• BRIEF: When you reach the line below that has "Geomagnetic storm forecast", start returning lines exactly, and stop after the line that has "Нитрификация. Нитрифицирующие бактерии"; skip the pictures.

• SOURCE MATERIAL:
---

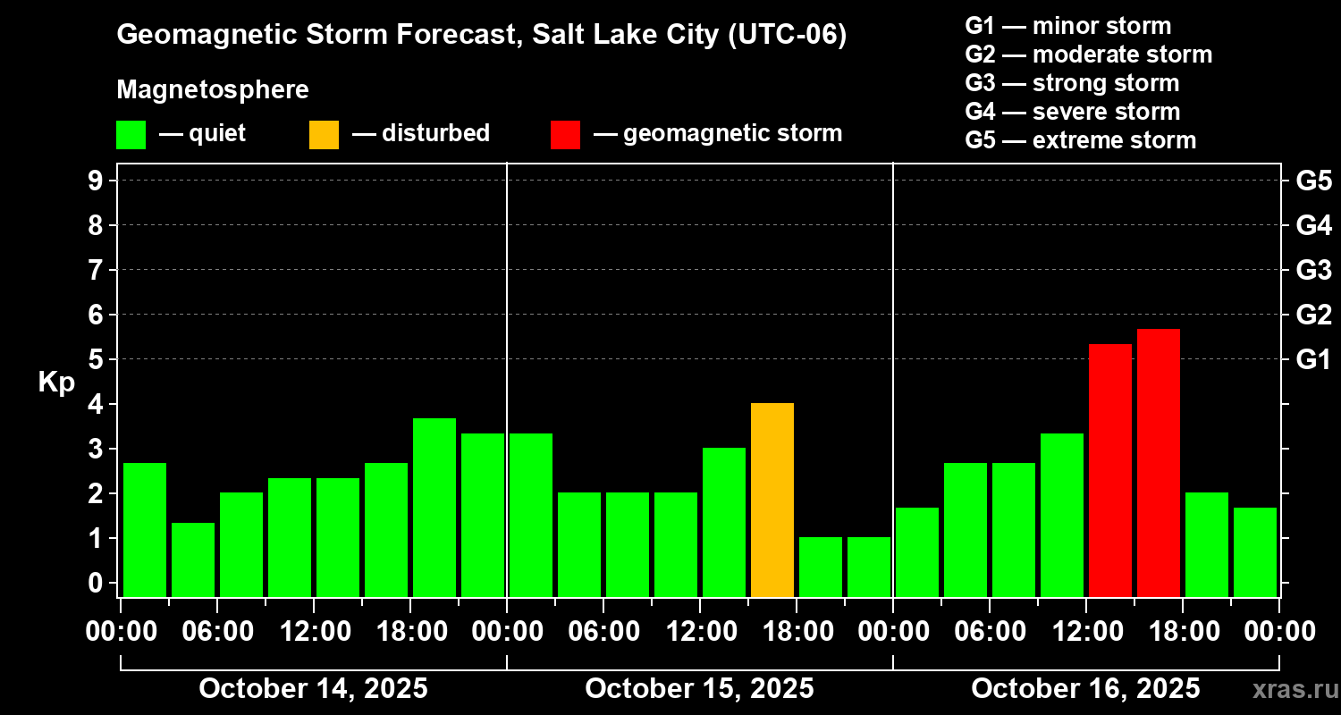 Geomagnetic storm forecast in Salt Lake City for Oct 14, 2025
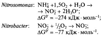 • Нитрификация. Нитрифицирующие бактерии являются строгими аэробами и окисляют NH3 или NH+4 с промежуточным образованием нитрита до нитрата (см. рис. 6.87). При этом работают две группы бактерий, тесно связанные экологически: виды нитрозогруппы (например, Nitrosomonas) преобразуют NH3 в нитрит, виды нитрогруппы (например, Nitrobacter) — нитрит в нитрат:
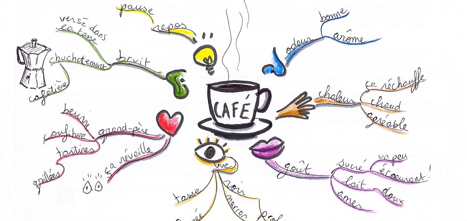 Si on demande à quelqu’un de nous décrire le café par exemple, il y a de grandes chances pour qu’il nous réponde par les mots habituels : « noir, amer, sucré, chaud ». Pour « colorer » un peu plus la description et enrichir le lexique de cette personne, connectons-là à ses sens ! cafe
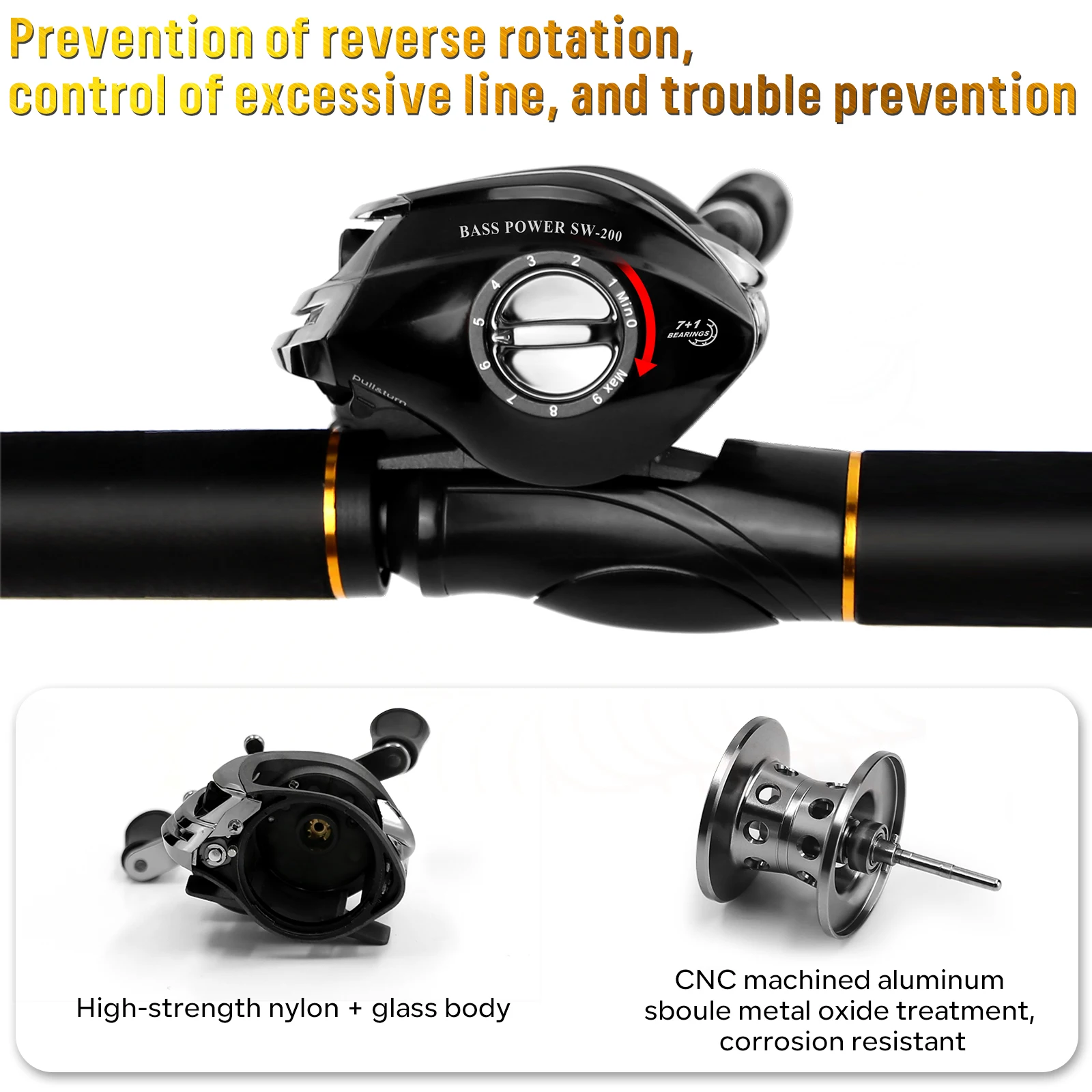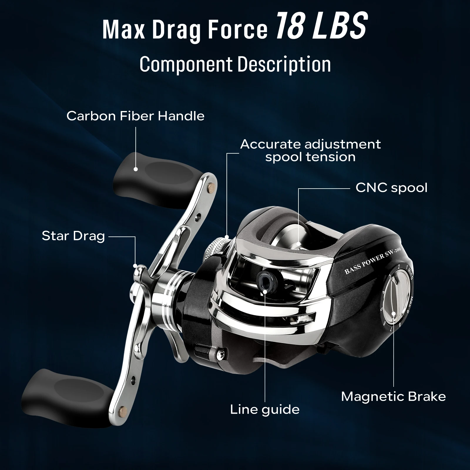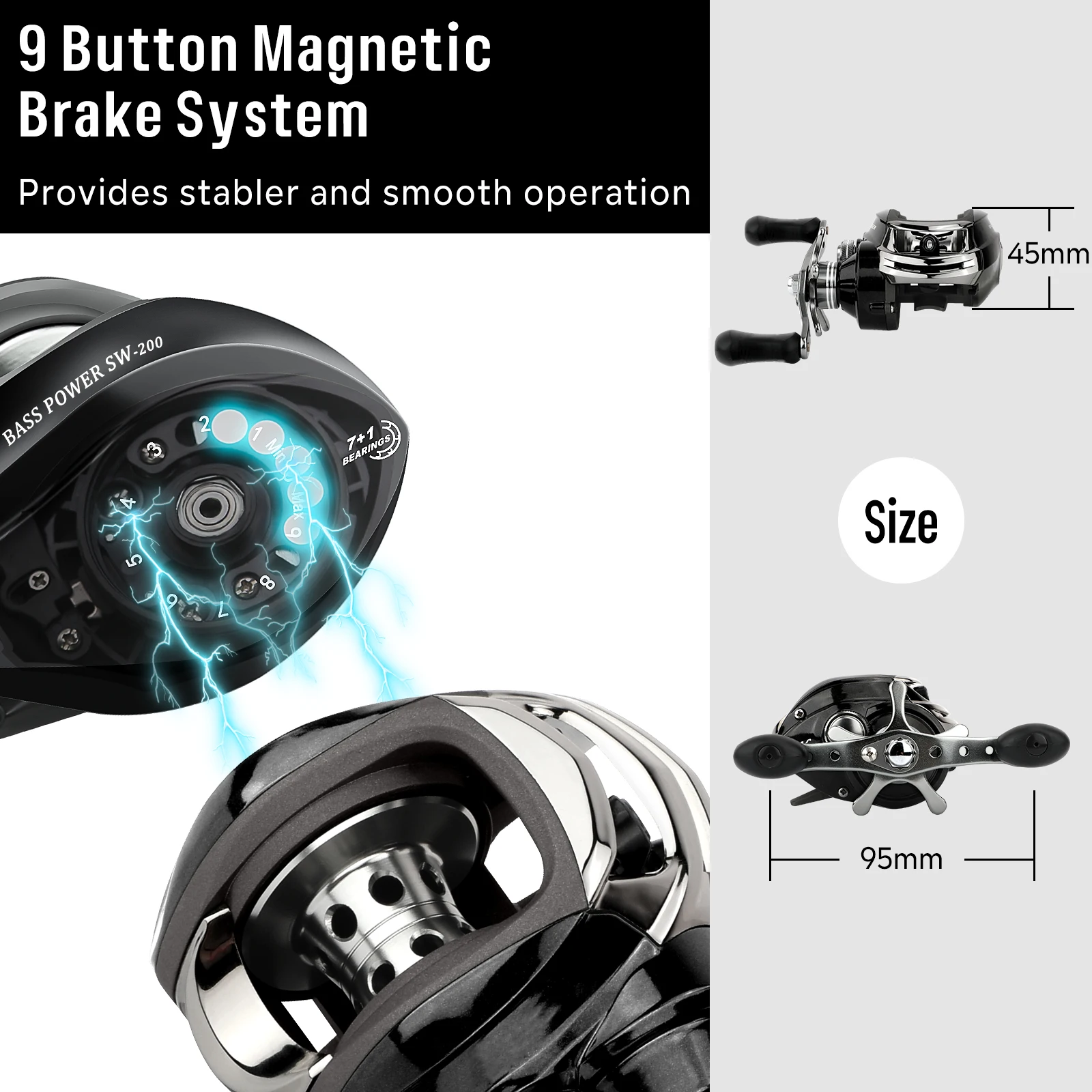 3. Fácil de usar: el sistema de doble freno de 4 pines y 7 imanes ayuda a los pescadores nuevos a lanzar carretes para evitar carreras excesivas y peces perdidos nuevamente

---

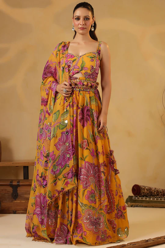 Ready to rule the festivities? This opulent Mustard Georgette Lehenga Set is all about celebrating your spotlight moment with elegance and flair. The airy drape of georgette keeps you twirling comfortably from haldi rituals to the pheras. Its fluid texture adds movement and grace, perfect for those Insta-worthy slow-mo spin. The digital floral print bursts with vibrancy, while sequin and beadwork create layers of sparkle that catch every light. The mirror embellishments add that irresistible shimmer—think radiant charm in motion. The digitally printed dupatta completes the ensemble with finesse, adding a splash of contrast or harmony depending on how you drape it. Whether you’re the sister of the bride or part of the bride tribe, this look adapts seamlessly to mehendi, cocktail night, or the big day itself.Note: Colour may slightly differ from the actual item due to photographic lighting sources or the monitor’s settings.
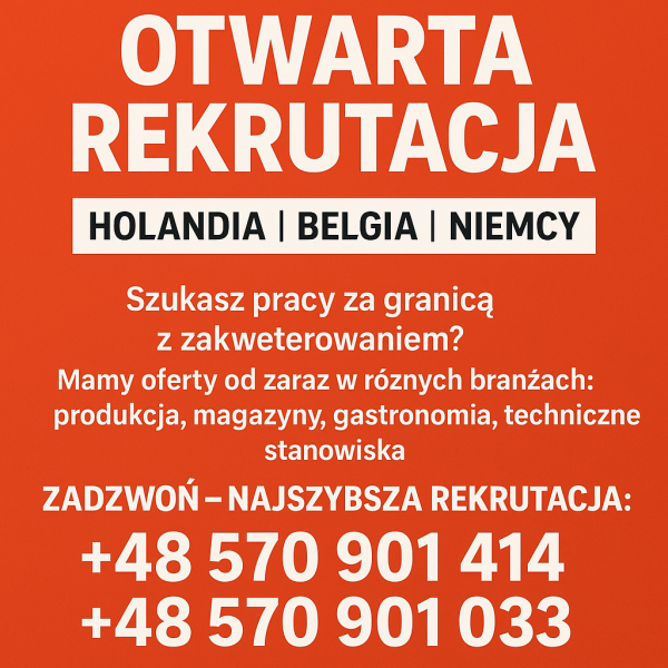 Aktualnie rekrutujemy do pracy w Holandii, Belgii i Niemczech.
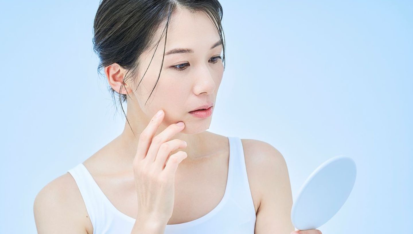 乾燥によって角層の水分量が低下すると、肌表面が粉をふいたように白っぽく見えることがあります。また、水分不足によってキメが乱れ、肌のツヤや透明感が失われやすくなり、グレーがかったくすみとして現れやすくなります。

---

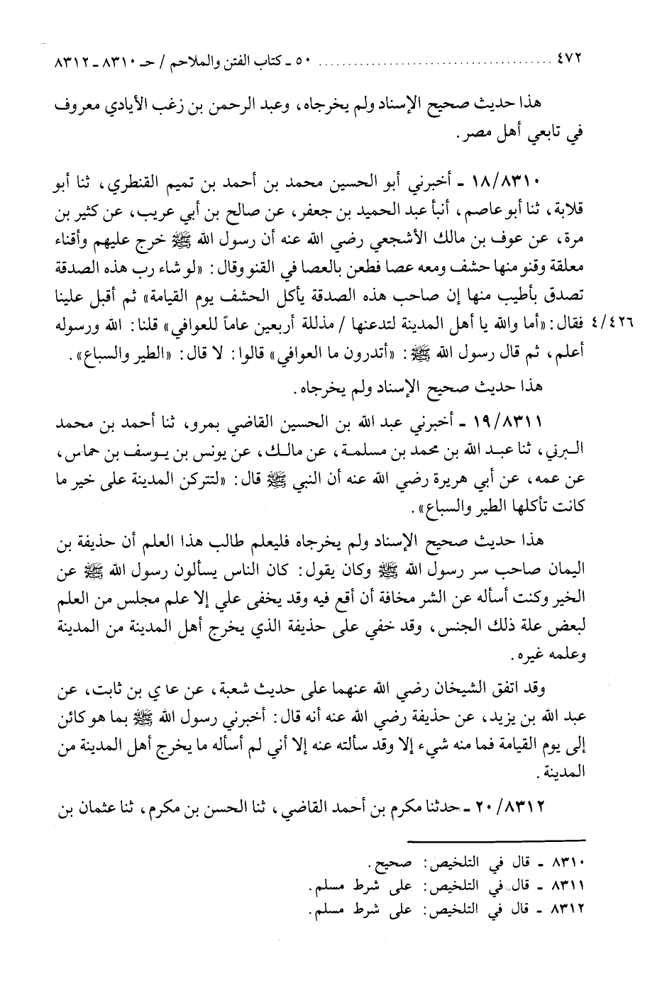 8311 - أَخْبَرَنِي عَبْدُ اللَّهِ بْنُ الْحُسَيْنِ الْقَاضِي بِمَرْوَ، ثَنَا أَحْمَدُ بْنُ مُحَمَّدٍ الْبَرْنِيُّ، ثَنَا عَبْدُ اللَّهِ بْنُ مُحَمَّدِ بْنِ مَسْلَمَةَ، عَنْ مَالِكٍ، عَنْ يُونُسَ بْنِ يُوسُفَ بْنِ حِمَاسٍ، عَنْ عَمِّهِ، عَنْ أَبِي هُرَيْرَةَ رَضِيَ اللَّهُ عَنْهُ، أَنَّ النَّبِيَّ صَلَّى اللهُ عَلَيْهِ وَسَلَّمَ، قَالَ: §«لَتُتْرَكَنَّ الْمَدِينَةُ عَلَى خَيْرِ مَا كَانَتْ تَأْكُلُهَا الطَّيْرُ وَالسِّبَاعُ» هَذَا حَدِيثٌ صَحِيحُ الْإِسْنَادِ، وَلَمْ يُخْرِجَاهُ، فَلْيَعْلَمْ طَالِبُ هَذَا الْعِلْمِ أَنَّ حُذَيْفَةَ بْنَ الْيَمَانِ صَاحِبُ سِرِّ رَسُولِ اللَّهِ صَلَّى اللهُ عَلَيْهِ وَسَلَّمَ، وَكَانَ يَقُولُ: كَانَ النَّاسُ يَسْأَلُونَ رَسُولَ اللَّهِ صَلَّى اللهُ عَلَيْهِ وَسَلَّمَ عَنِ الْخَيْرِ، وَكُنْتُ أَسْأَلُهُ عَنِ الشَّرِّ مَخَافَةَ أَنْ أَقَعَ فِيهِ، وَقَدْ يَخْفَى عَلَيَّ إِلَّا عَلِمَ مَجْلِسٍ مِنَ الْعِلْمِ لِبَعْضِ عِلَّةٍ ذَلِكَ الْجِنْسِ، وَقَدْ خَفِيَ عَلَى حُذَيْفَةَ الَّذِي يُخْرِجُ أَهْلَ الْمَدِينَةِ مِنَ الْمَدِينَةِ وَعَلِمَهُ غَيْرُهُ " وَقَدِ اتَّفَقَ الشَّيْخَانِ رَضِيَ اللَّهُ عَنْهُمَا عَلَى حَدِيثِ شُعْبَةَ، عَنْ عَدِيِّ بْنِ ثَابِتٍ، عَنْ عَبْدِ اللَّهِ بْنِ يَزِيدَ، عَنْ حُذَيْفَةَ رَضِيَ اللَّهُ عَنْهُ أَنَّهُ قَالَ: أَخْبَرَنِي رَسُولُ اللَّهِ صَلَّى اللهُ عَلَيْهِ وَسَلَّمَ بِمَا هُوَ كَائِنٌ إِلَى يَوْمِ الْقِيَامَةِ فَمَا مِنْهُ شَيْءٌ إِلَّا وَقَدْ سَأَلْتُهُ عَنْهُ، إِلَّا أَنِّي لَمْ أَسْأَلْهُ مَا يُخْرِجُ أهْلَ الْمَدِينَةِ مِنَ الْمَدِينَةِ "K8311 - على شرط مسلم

---

• COMPLETED TASK:
 Geomagnetic storm forecast in Salt Lake City for Oct 14, 2025
 • Нитрификация. Нитрифицирующие бактерии являются строгими аэробами и окисляют NH3 или NH+4 с промежуточным образованием нитрита до нитрата (см. рис. 6.87). При этом работают две группы бактерий, тесно связанные экологически: виды нитрозогруппы (например, Nitrosomonas) преобразуют NH3 в нитрит, виды нитрогруппы (например, Nitrobacter) — нитрит в нитрат:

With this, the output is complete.